» **TASK REQUIREMENTS**
Pictures aside, please retype the whole listing word for word.

» **DATA**
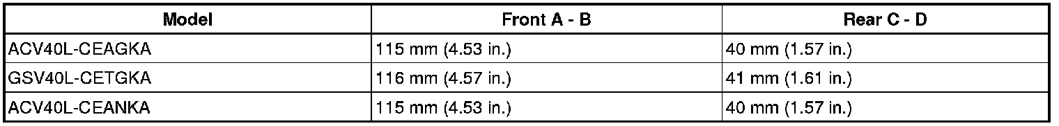The body and suspension may be damaged if the camber is not correctly adjusted according to the above table.
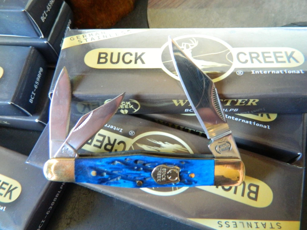 WE HAVE (6) WHITTLER 3 1/2" DARK BLUE JIGGED BONE HANDLES, some say it looks like a Coke Bottle design call it what you like. One thing that sticks out to me is it has two Clip Point Blades and one Spear Point or Pen, the large clip point is 2 1/2" with a 2 1/4" edge the small one 1 1/2" with 1 1/4" edge, and the Spear Point is the same 1 1/2" 1 1/4" This is the Limited Edition part of this knife along with the handle design both sides of the handle come to a point. Most Whittlers only have one side of the handle pointed, the bottom. BUCK CREEK CUTLERY of SOLINGEN GERMANY, LIMITED EDITION 3 1/2" CLOSED WHITTLER DESIGN POCKET KNIFE WITH A BLUE PICK BONE HANDLE, almost all companies have stopped making this design it's too costly and hard to get the Bone right. But the smaller companies like BUCK CREEK have the time and money to do this and do it right, they put two Clip Point style Blades and a Pen or Spear point blade on this handle made of 440HC Stainless steel (Rc) 56 to 58 hardness, Nickel Silver Bolsters, and Brass Pins and Liners. And the Back Springs are slammers so please be careful, and they put their Logo on an brass shield embed in the bone. Model # BC 6308BLPB Weighs 2.2oz. Buck Creek is in Solingen Germany, 39 years now in FEB. these are collectors grade knives We will give you $$$$$$$$$$$$$$$$$$$$$$ FREE SHIPPING $$$$$$$$$$$$$$$$$$$ WE THANK YOU AND GOD BLESS YOU. by adding my eBay Store to your Favorites, . - Sign up and receive our emails, why SALES that is the only email we will ever send to you. We are always trying to get different knives into your hands, so by saving you some money maybe you will try out a new brand. Plus every listing we have is put on sale from the highest to the lowest priced items, and lastly many times we put knives that there are only 1 or 2 left in our stock by receiving our email you will get first shot at these items, Thank you Greg
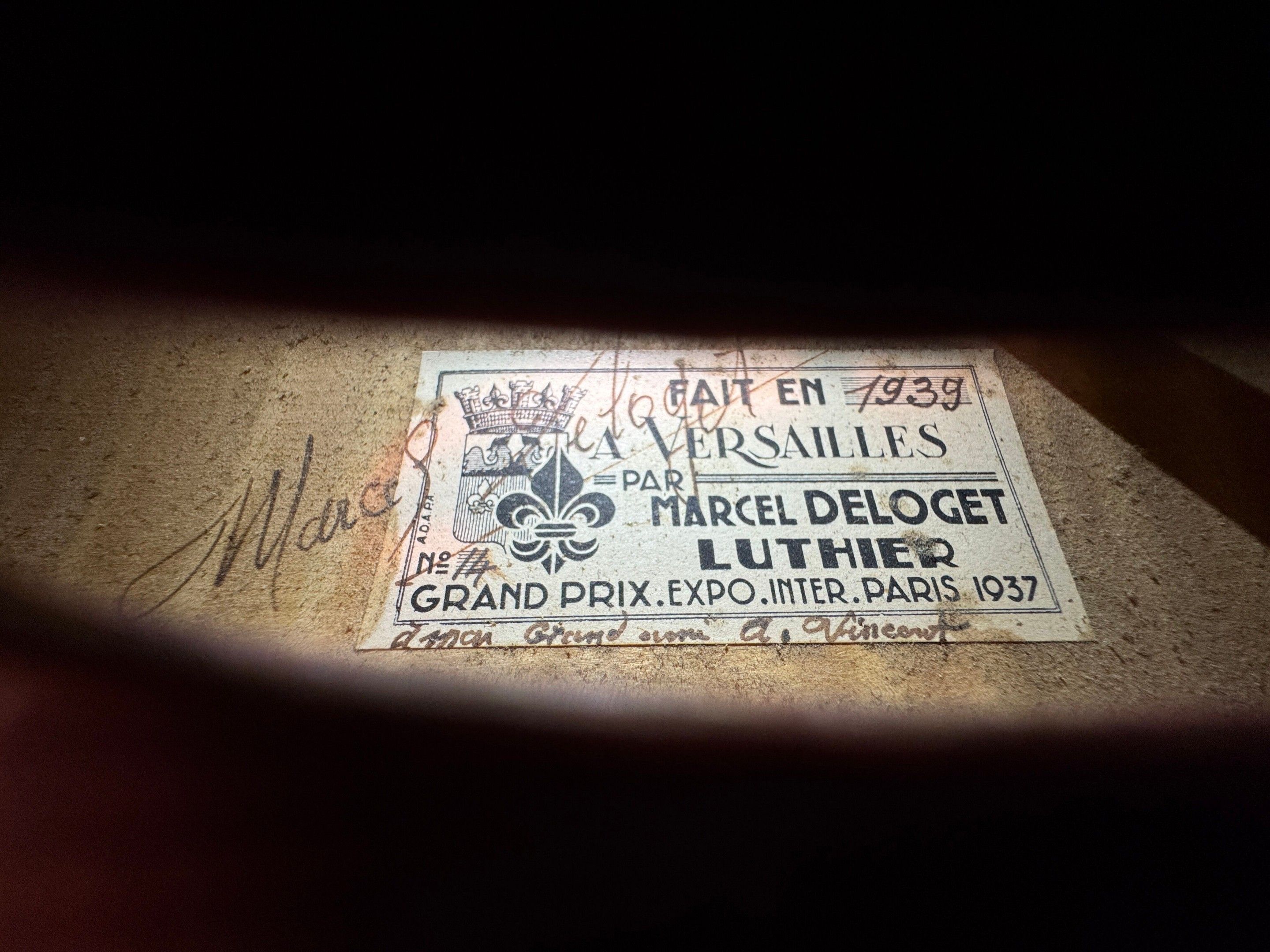 Violon de Marcel DELOGET, fait à Versailles en 1939 ; portan…

» **REPLY TO THE TASK**
The body and suspension may be damaged if the camber is not correctly adjusted according to the above table.
 WE HAVE (6) WHITTLER 3 1/2" DARK BLUE JIGGED BONE HANDLES, some say it looks like a Coke Bottle design call it what you like. One thing that sticks out to me is it has two Clip Point Blades and one Spear Point or Pen, the large clip point is 2 1/2" with a 2 1/4" edge the small one 1 1/2" with 1 1/4" edge, and the Spear Point is the same 1 1/2" 1 1/4" This is the Limited Edition part of this knife along with the handle design both sides of the handle come to a point. Most Whittlers only have one side of the handle pointed, the bottom. BUCK CREEK CUTLERY of SOLINGEN GERMANY, LIMITED EDITION 3 1/2" CLOSED WHITTLER DESIGN POCKET KNIFE WITH A BLUE PICK BONE HANDLE, almost all companies have stopped making this design it's too costly and hard to get the Bone right. But the smaller companies like BUCK CREEK have the time and money to do this and do it right, they put two Clip Point style Blades and a Pen or Spear point blade on this handle made of 440HC Stainless steel (Rc) 56 to 58 hardness, Nickel Silver Bolsters, and Brass Pins and Liners. And the Back Springs are slammers so please be careful, and they put their Logo on an brass shield embed in the bone. Model # BC 6308BLPB Weighs 2.2oz. Buck Creek is in Solingen Germany, 39 years now in FEB. these are collectors grade knives We will give you $$$$$$$$$$$$$$$$$$$$$$ FREE SHIPPING $$$$$$$$$$$$$$$$$$$ WE THANK YOU AND GOD BLESS YOU. by adding my eBay Store to your Favorites, . - Sign up and receive our emails, why SALES that is the only email we will ever send to you. We are always trying to get different knives into your hands, so by saving you some money maybe you will try out a new brand. Plus every listing we have is put on sale from the highest to the lowest priced items, and lastly many times we put knives that there are only 1 or 2 left in our stock by receiving our email you will get first shot at these items, Thank you Greg
 Violon de Marcel DELOGET, fait à Versailles en 1939 ; portan…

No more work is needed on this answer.